San Jose, Calif., – October 15, 2024 – Supermicro, Inc. (NASDAQ: SMCI), a Total IT Solution Provider for AI, Cloud, Storage, and 5G/Edge, is accelerating the industry's transition to liquid-cooled data centers with the NVIDIA Blackwell platform to deliver a new paradigm of energy-efficiency for the rapidly heightened energy demand of new AI infrastructures. Supermicro's industry-leading end-to-end liquid-cooling solutions are powered by the NVIDIA GB200 NVL72 platform for exascale computing in a single rack and have started sampling to select customers for full-scale production in late Q4. In addition, the recently announced Supermicro X14 and H14 4U liquid-cooled systems and 10U air-cooled systems are production-ready for the NVIDIA HGX B200 8-GPU system.

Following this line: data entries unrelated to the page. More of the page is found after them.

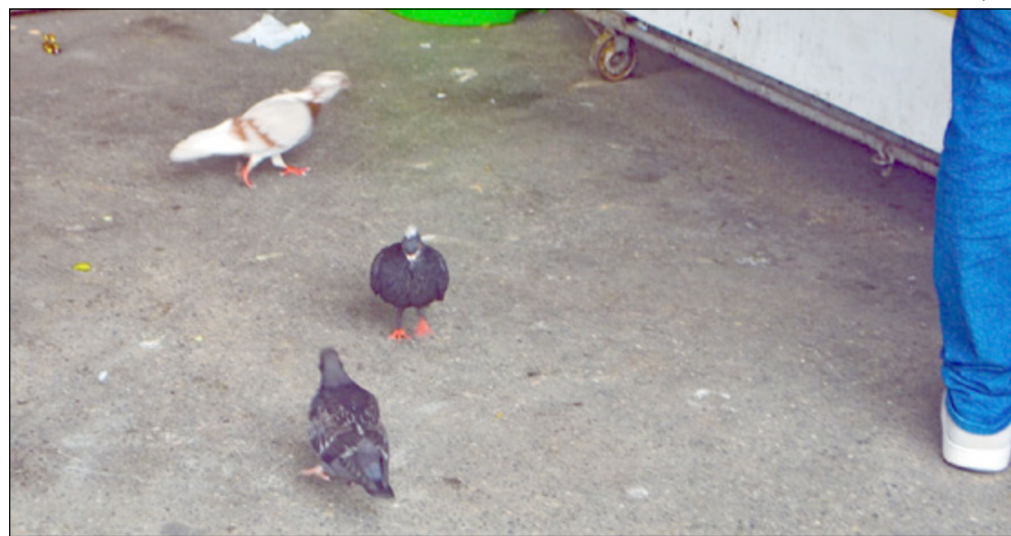
USUÁRIOS dos terminais reclamam da sujeira e se preocupam com doenças causadas pelos pombos

A Companhia Petropolitana de Trânsito e Transportes - CPTrans, que faz a gestão dos terminais rodoviários urbanos da cidade,
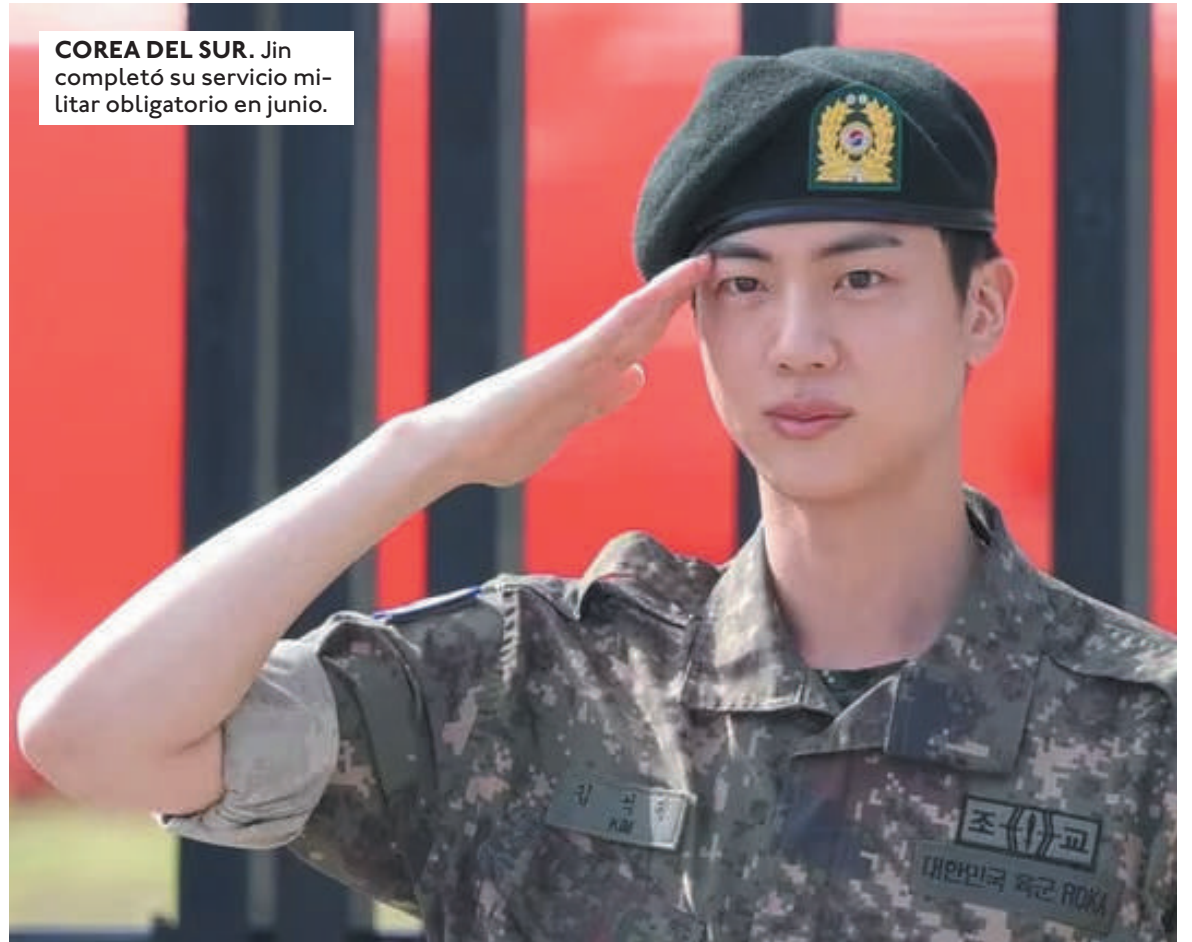
COREA DEL SUR. Jin completó su servicio militar obligatorio en junio.

Jin se unirá a otras figuras importantes como el exfutbolista marfileño Didier Drogba, el exjugador de baloncesto franco-estadounidense Tony Parker, un sobreviviente del Holocausto, familiares de víctimas del atentado de Niza, astronautas y una diversidad de atletas en la ruta del relevo. La elección de Jin como portador de la antorcha se atribuye a la popularidad global de BTS y su alcance en el público juvenil. La boyband nominada al Grammy se ha caracterizado por el mensaje optimista de su música, como el lema "ámate a ti mismo" que fue parte de uno de sus discos. Según la agencia de noticias Yonhap, el integrante de BTS viajará a
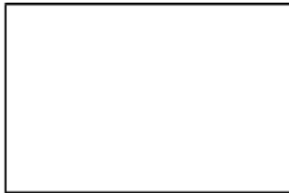
Picha ya mwanafunzi

Nakiri kwamba yaliyoandikwa hapo juu kwenye fomu zote mbili (MSS.K5. A na MSS.K5. B) ni sahihi.
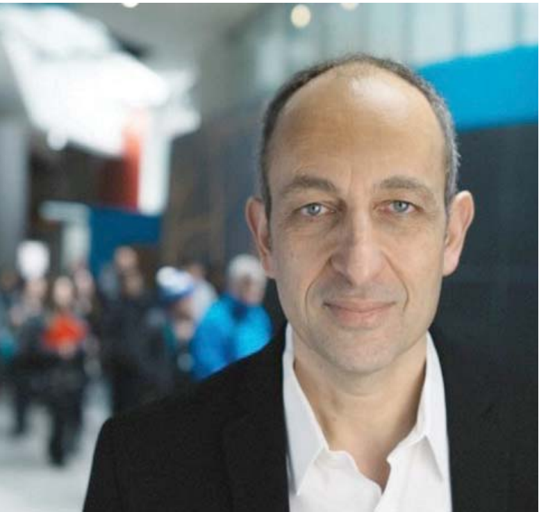
واشنطن: علي بردي

أسدى مدير معهد البيانات والأنظمة والمجتمع لدى معهد ماساتشوستس للتكنولوجيا «أم أي تي»، البروفيسور منذر دحلة، للصحف حيال كيفية كتابة هذا الحوار معه من خلال الاستعانة عمداً بنظام «تشات جي بي تي» الذي يعكس القدرات المذهلة التي وصل إليها الذكاء الاصطناعي، وأفاق استخداماته المستقبلية. وعلى غرار الصحافي، ساوره الفضول في النتيجة المحتملة تضمنت نصائح هذا العالم الأميركي الفسطيني الأصل ضمن أمور أخرى- إلا أقدم مثلاً على إعطاء المقابلة كاملة لكي يعيد «تشات جي بي تي» كتابتها. «لو فعلت ذلك، لأعطاك نصاً مختلفاً لا يشبه الحوار»، مضيفاً أن «الأفضل أن تعطيه مقاطع صغيرة لإعادة صوغها».
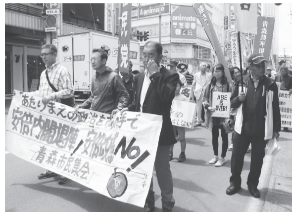
6/10 中央と連帯した青森市民集会

青森市では、中央の集会に連帯して、青森市民集会在開催され、80人余が参加しました。県9条の会や県労連など11団体が
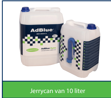
Jerrycan van 10 liter
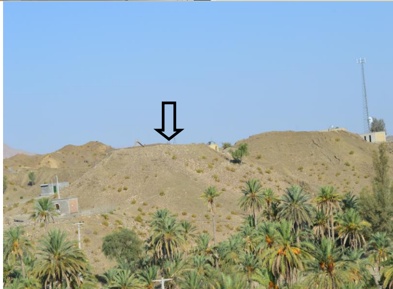
تصویر ۴. تپه سنگر دید از شرق، مأخذ: نگارنده، ۱۳۹۴.
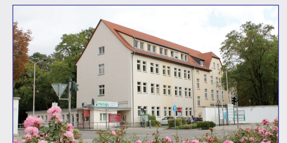
Haus 11 - Hauptpforte und Verwaltung / Klinikgeschäftsführung
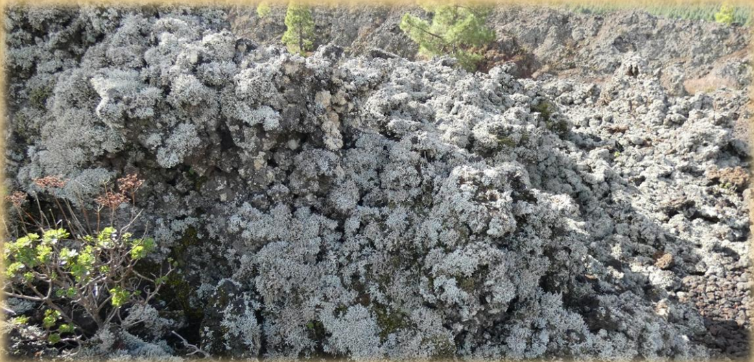
los líquenes van cubriendo la lava de la cara norte.
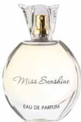
ПАРФЮМЕРНАЯ ВОДА Miss Sunshine аромат создан по мотивам Chanel Coco Mademoiselle

Верхние ноты: апельсин, фрезия, бергамот, персик Ноты сердца: жасмин, роза Шлейфовые ноты: мускус, ветивер, ваниль, пачули
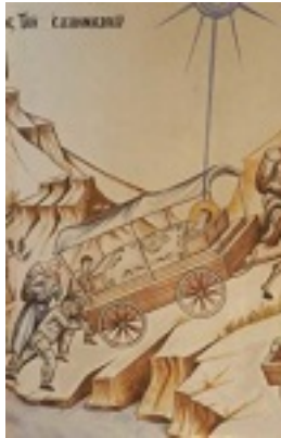
Όσιος Ιωάννης ο Ρώσος - Η Μαρτυρική Έξοδο του Ελληνισμού της Καππαδοκίας
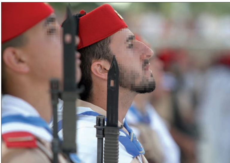
Regulares celebró su centenario en Ceuta (en la foto) y Melilla
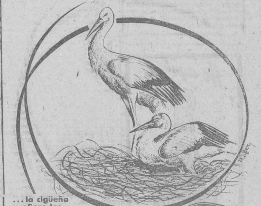
... la cigüeña prefiere las torres de campanarios.
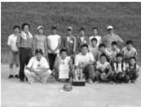
男子の部優勝の第三区子ども会
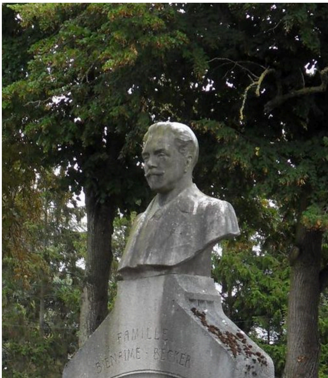
Buste de l'architecte A. Bienaimé, 1912, Albert Roze (sculpteur).
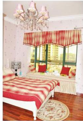
公园的综合实力和诚信态度,体现了公司“不怕苦,不畏难,全心全意为业主服务”的服务方针。金秋九月,丹桂飘香,富基·世纪公园之丹桂园——一个美丽温馨的公园之家向广大业主敞开怀抱。

持续九天的集中交房刚刚结束,业主们期盼而来,舒心而归,交房期间为了接待业主,公司人力资源部设专车接送、水果茶饮免费供应,孩子们可在游乐室自由玩耍,让他们真正感到宾至如归。此次交房已圆满落幕,期间反映了富基·世纪
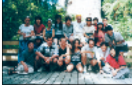
▲アクティビティトリップ

雰囲気、施設、サポートが絶妙のバランス 明るく元気な学校 ワールドワイド・イングリッシュスクールの特徴を一言で言えば、明るく、元気な学校、という形容詞がぴったりの英語学校だ。全体的な雰囲気、先生やスタッフの生徒に対する姿勢、勉強する環境等、すべてが元氣いっぱい。 各英語コースは学生ができるだけ楽しく勉強ができるように工夫されている。午後の授業は通常の会話クラスに加え、ビジネス英語や試験対策ライティング、発音、ムービークラスなども定期的に行われている。 AAAコースはアクティビティコース、午前英語・午後アクティビティコースでNZ初心者には最適なコース。 コンボコースは全国4校の提携校との共同コースで、転校が簡単にできる特別プログラムだ。長期の申し込みには移動費用も無料となる。いろいろな都市で勉強してみたい行動派にはぴったり。その他にもNZスタディーコースやダイビングコースなどもある。 学校の施設も非常に整っており、15台の 充実のカウンセラー陣 ワールドワイドはアジアからの学生はもちろん、ドイツやブラジルなどをはじめ、現在20を超える国籍の学生が勉強している。国籍バランスは非常にとれているので、1つの国籍が多くなることはない。またカウンセラーも各国籍に対応できるように、ほとんどの言葉をカバーしているというから驚きだ。数カ国語を話すカウンセラーも少なくなく、学生が安心して勉強できるためのサービスの一つだ。 コンピューターは無料でインターネットが利用でき、日本語にも対応している。英語のビデオ教材やテープも無料で利用できる。大きなロビーにもあり授業で利用することもできる。 また学校保有のアパートメント(ニューマーケット)があり、長期の学生は利用可能。ホームステイはちょっと苦手という学生には人気がある。一人部屋、シェアールームなどが選べるが、非常に人気があるのでできるだけ早めの申し込みが必要(週末のドールから)。
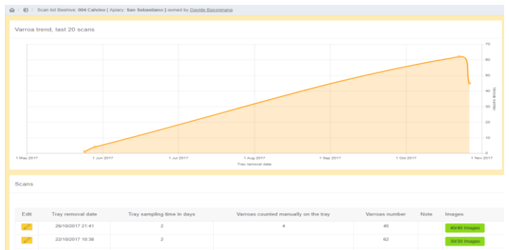
Figura 2 - Pagina in inglese dell'andamento della varroa per un alveare

La console di amministrazione www.apisferoweb.it è stata in questi giorni tradotta in lingua inglese, visto il respiro internazionale del nostro progetto. All'accesso dell'utente è possibile selezionare la lingua madre o quella inglese. Nelle prossime settimane diventerà multilingue anche il sito ufficiale www.apisfero.org .

"We're driving the future of sustainable AI computing, and our liquid-cooled AI solutions are rapidly being adopted by some of the most ambitious AI Infrastructure projects in the world with over 2000 liquid-cooled racks shipped since June 2024," said Charles Liang, president and CEO of Supermicro. "Supermicro's end-to-end liquid-cooling solution, with the NVIDIA Blackwell platform, unlocks the computational power, cost-effectiveness, and energy-efficiency of the next generation of GPUs, such as those that are part of the NVIDIA GB200 NVL72, an exascale computer contained in a single rack. Supermicro's extensive experience in deploying liquid-cooled AI infrastructure, along with comprehensive on-site services, management software, and global manufacturing capacity, provides customers a distinct advantage in transforming data centers with the most powerful and sustainable AI solutions."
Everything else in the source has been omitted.